Digitalis glycosides are major tools for the identification of the Na/K ATPase as well as the Na/K fluxes mediated by this transport system. Since its discovery 50 yr ago (Schatzmann, 1953), the inhibitory effect of these compounds on the Na/K pump has been confirmed repeatedly. There has been evidence to contrary effects, although. Thus, Hougen et al. (1981) reported a stimulatory effect of nanomolar concentrations of ouabain on 86Rb uptake in guinea pig atria. This effect could be suppressed by propranolol, or by prior depletion of endogenous pools of norepinephrine in the tissue, and it was regarded as an indirect effect elicited by norepinephrine released by an action of ouabain on nerve endings in the heart.

Several others have reported stimulating effects of low concentrations of cardiac glycosides on active Na/K transport in multicellular cardiac preparations, and also in the squid axon, it was noted that the inhibitory effect of ouabain on 22Na efflux was preceded by an up to 20% stimulation possibly related to the low occupancy of the receptors in the early phase of exposure (Baker and Willis, 1972).

Now, in this issue of The Journal, Gao et al. (2002), using whole-cell patch-clamp technique, have demonstrated that dihydro-ouabain and ouabain in the concentration range 10−10–10−7 M stimulate the Na/K pump–mediated current in single cardiac myocytes obtained from guinea pigs, dogs, and human subjects.

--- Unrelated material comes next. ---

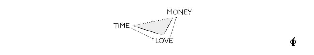 Time, love, and money all work together to give substance to life as we know it, and create the future. In society, the people who control the vast amounts of money (Value created by people) tend to direct what we do with our time, therefore shape our collective future.
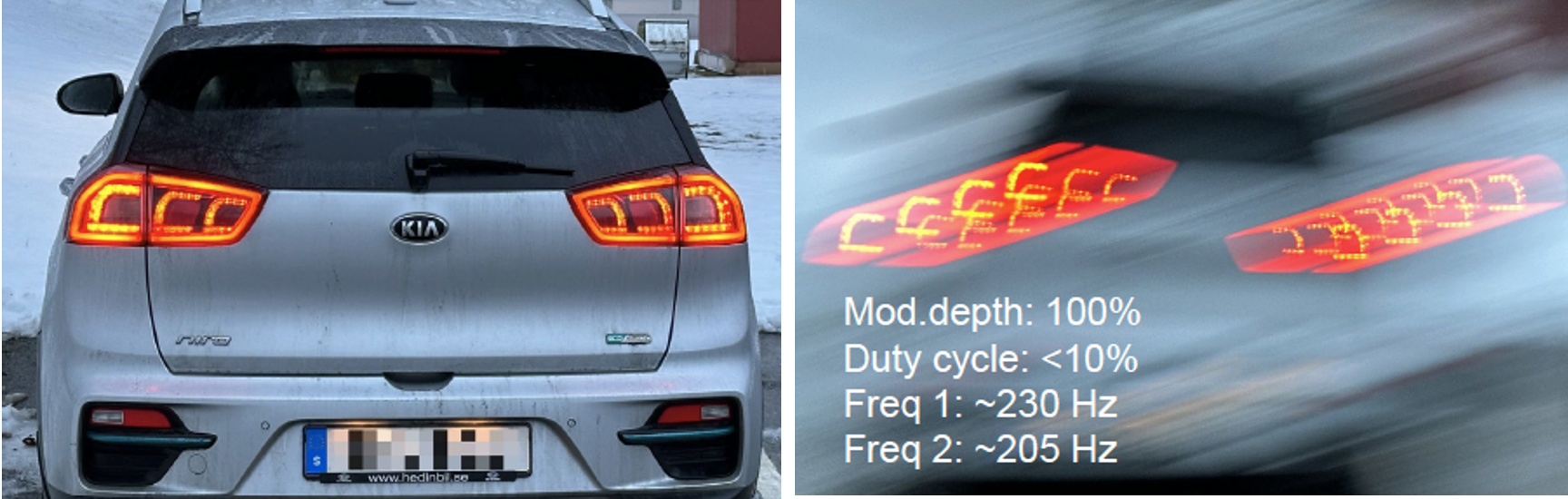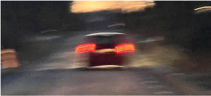 Das fahrende Auto erscheint mit einer Reihe von nicht existierenden Rücklichtern. Auf einem anderen Bild zeigt der Autor sein Auto und dessen Erscheinung infolge des Effekts.

The major advantage of this approach is that effects arising from localized changes in the ionic composition of the interstitial space or the release of endocrine factors from endogenous pools can be excluded. That this stimulatory effect is exerted directly on the Na/K pump is demonstrated by the observations that it is abolished by the omission of Na+ from the pipette solution or of K+ from the buffer surrounding the cells as well as by the addition of the Na/K pump inhibitor vanadate to the pipette solution.

Thus, there is good evidence that cardiac glycosides at low concentrations within a few minutes elicit up to 35 ± 10% stimulation of the Na/K pump in cardiac myocytes. Moreover, there is indirect evidence that this reflects an even larger (107 ± 30%) stimulation of the α2 subunit isoform of the Na/K ATPase. Does this imply that during digitalization, where the plasma concentration of digoxin is ∼1 nM, the Na/K pumps in the heart are stimulated rather than inhibited? Probably not, as it would be in conflict with a number of observations. For example, intravenous infusion of ouabain in a therapeutic dose induces a significant net loss of K+ from the human myocardium within 2–4 min, which is an effect that is associated with significant increases in systolic ejection rate and left ventricular dp/dt (Brennan et al., 1972). More recently, it was shown that in atrial tissue obtained from patients in standard digoxin treatment, the electrogenic effect of the Na/K pump was significantly reduced (Rasmussen et al., 1990). In addition, there is strong evidence that the inotropic action of cardiac glycosides is related to an inhibition of the Na/K pump (Levi et al., 1994). Moreover, standard digitalization increases exercise-induced hyperkalemia, reflecting a marked increase in the net loss of K+ from the working muscles, most likely arising from reduced Na/K pump capacity (Schmidt et al., 1995). In biopsies obtained from the heart and skeletal muscle of digitalized patients, 24 and 13%, respectively, of the Na/K pumps are occupied by digoxin (Schmidt et al., 1993). There is no evidence that standard digitalization is associated with stimulation of the Na/K pump. Finally, it should be noted that in digitalized subjects, no significant increase in the content of [3H]ouabain binding sites could be detected, neither in skeletal muscle nor heart (Schmidt et al., 1993). Thus, in the intact organism, it has not been possible to discern the compensatory upregulation of Na/K pumps taking place in cell cultures during long-term exposure to ouabain. Hence, stimulation of active Na/K transport arising from an increased population of Na/K pump seems to be an unlikely response to low concentrations of cardiac glycosides in vivo.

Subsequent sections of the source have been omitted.